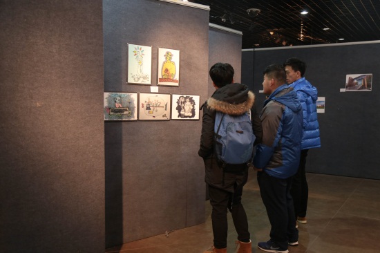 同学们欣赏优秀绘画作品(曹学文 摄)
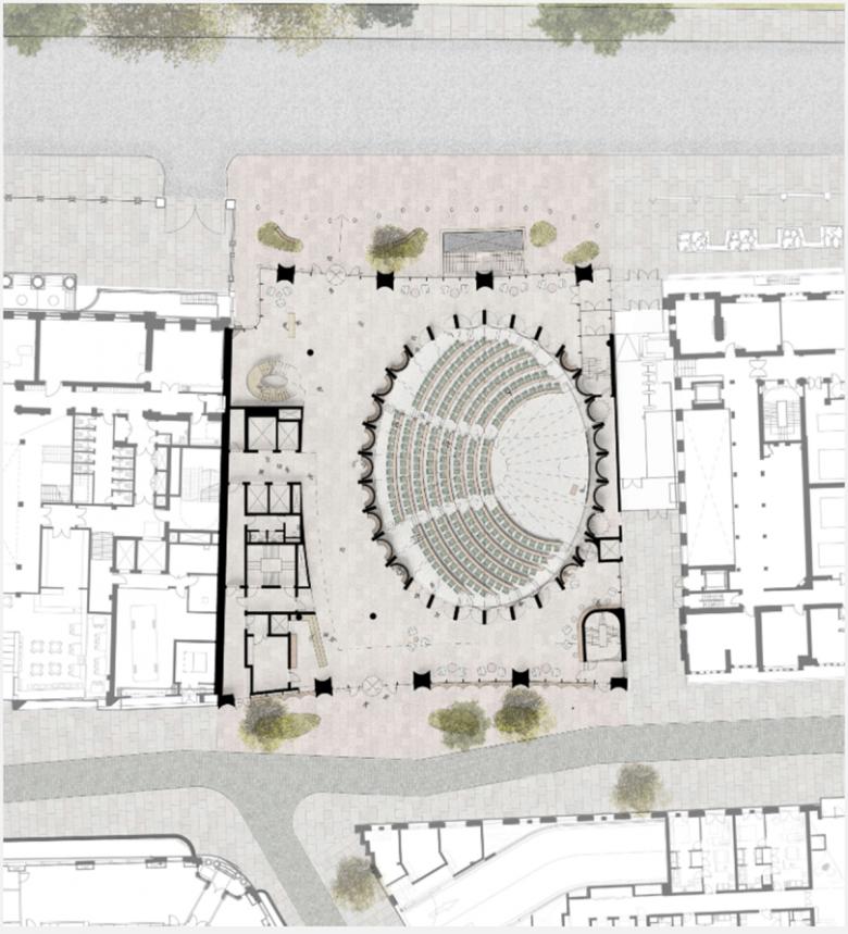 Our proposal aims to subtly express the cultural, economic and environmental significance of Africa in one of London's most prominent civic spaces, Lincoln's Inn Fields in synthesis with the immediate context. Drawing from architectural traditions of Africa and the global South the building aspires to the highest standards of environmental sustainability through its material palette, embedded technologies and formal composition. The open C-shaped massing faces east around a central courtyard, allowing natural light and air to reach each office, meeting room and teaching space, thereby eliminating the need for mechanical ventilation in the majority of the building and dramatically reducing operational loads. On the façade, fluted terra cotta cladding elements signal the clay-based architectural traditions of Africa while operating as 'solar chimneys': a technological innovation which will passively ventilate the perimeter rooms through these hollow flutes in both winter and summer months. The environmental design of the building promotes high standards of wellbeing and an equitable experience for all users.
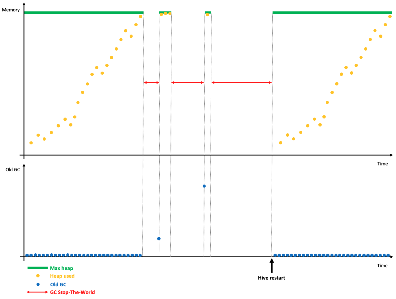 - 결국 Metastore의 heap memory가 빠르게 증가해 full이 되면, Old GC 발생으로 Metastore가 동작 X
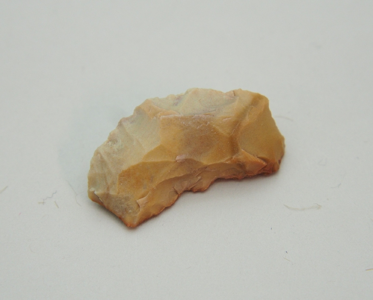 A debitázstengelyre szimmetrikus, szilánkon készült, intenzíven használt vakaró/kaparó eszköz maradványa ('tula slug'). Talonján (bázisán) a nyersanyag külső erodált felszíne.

•••••

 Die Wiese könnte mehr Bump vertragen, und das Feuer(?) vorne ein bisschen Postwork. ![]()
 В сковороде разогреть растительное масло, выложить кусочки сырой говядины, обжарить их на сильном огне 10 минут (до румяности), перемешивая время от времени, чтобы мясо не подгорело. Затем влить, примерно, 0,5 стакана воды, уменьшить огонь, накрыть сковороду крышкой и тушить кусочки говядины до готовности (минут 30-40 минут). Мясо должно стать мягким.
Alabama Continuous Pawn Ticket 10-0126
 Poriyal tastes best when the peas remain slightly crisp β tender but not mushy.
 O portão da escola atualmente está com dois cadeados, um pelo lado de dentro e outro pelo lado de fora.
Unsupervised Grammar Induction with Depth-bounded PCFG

•••••

Problem: Copy out only the lines above from the one with "Alabama Continuous Pawn Ticket 10-0126" to the one with "Unsupervised Grammar Induction", inclusive, exactly as they stand.

Written reply:
Alabama Continuous Pawn Ticket 10-0126
 Poriyal tastes best when the peas remain slightly crisp β tender but not mushy.
 O portão da escola atualmente está com dois cadeados, um pelo lado de dentro e outro pelo lado de fora.
Unsupervised Grammar Induction with Depth-bounded PCFG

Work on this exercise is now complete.